Power-island support: When DVFS techniques are applied to subsystems, they create islands within the running system with their own clock and supply-voltage combinations. These subsystems are optimized to the specific workload for that section of the product. A more complex and intelligent power- and clock-controller block is now required. A power-consumption cost exists for getting in and out of a clock/supply-voltage combination. To guarantee an optimal power-consumption profile, the system must be carefully partitioned into power islands in the early phases of development.
Multiple-voltage-threshold (Vt) CMOS: The leakage power of a CMOS circuit comes from several sources. One of the main sources is sub-threshold leakage current, which exponentially increases with the reduction of the CMOS transistors' threshold voltage (Vt). Similarly, the performance of the CMOS transistors increases with the reduction of their Vt. Multiple-threshold CMOS circuits, which combine both high- and low-threshold transistors in a single chip, are used to handle the leakage-power-dissipation problem in battery-operated but high-performance applications like feature-rich cellular phones. Several techniques have been applied, including dual-threshold CMOS and adaptive body biasing (ABB).
Dual-threshold CMOS: When a system's logic partitioning is being implemented, high-Vt transistors are used in non-critical paths. They reduce leakage power dissipation. In contrast, low-Vt transistors are used to handle the performance level that's required in critical paths. This technique is effective for reducing leakage during both active and standby modes.
Adaptive body biasing (ABB): To achieve variable threshold voltages for a system's logic portion, this technique biases the device substrates. In standby mode, adaptive-reverse body bias is applied to increase the device's threshold voltage while reducing leakage current. In active mode, no bias or forward biasing is applied to handle the required performance levels. ABB techniques are a more effective way of reducing the leakage current when compared to DVS techniques. After all, they reduce leakage exponentially rather than linearly (as DVS does).
Deep-sleep modes with logic-state retention: These techniques are used to selectively power down certain regions of a logic block within a system. At the same time, the ABB and DVS techniques are applied to other regions for logic-state retention. These techniques are applied to basic logic elements as sequential logic cells (flip-flops and registers) and memory blocks. They provide very effective power-dissipation-reduction results. At the same time, they save processing energy and silicon real estate when compared to traditional, software-based, state-saving procedures.

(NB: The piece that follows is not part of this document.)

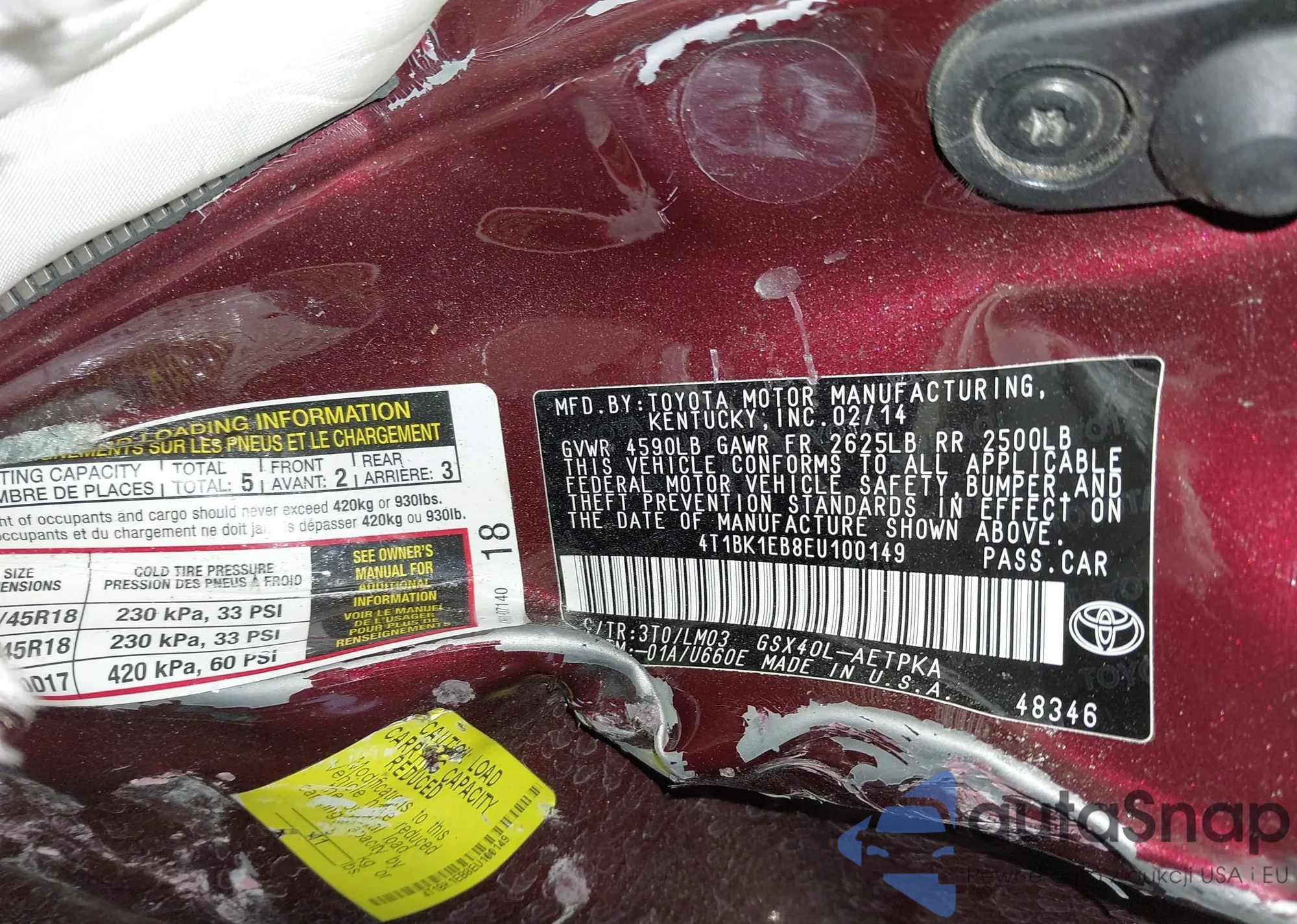• VIN: 4T1BK1EB8EU100149

Dynamic voltage scaling (DVS): The dynamic power that's dissipated by a semiconductor device is proportional to the square of the applied power-supply voltage. DVS techniques are therefore a very effective way of reducing that dynamic power. These techniques consist of applying the lowest voltage to a circuit just enough for it to perform the required system tasks. Dynamically adjusting the applied voltage to the semiconductor device optimizes its power consumption to the required workload. This step is fundamental to extending battery life in deeply embedded systems like today's cell phones. Keep in mind that the effective use of DVS techniques requires an intelligent power supply that's controlled by monitoring-activity software and hardware components. Normally, these techniques are used in conjunction with dynamic frequency scaling (DFS).
Dynamic frequency scaling: The dynamic power that's dissipated by a semiconductor device is proportional to the frequency of the clock signal that's applied to it. It would be inefficient to run a device like a cell phone (which has a required workload that varies immensely over time) at the fixed clock frequency that's needed for performing the highest supported workload. To optimize the power dissipation of the overall system, just adjust the clock frequency that's applied to a device to satisfy the application service's deadlines. Once again, software- and hardware-based intelligent clock controllers are required for applying effective DFS techniques. If the voltage and frequency-dynamic-scaling (DVFS) techniques are combined, the system will operate at the minimal supply voltage and clock frequency that are needed to perform the required services. This approach is one of the most effective strategies for optimizing active, dynamic power dissipation.
Power-island support: When DVFS techniques are applied to subsystems, they create islands within the running system with their own clock and supply-voltage combinations. These subsystems are optimized to the specific workload for that section of the product. A more complex and intelligent power- and clock-controller block is now required. A power-consumption cost exists for getting in and out of a clock/supply-voltage combination. To guarantee an optimal power-consumption profile, the system must be carefully partitioned into power islands in the early phases of development.
Multiple-voltage-threshold (Vt) CMOS: The leakage power of a CMOS circuit comes from several sources. One of the main sources is sub-threshold leakage current, which exponentially increases with the reduction of the CMOS transistors' threshold voltage (Vt). Similarly, the performance of the CMOS transistors increases with the reduction of their Vt. Multiple-threshold CMOS circuits, which combine both high- and low-threshold transistors in a single chip, are used to handle the leakage-power-dissipation problem in battery-operated but high-performance applications like feature-rich cellular phones. Several techniques have been applied, including dual-threshold CMOS and adaptive body biasing (ABB).
Dual-threshold CMOS: When a system's logic partitioning is being implemented, high-Vt transistors are used in non-critical paths. They reduce leakage power dissipation. In contrast, low-Vt transistors are used to handle the performance level that's required in critical paths. This technique is effective for reducing leakage during both active and standby modes.
Adaptive body biasing (ABB): To achieve variable threshold voltages for a system's logic portion, this technique biases the device substrates. In standby mode, adaptive-reverse body bias is applied to increase the device's threshold voltage while reducing leakage current. In active mode, no bias or forward biasing is applied to handle the required performance levels. ABB techniques are a more effective way of reducing the leakage current when compared to DVS techniques. After all, they reduce leakage exponentially rather than linearly (as DVS does).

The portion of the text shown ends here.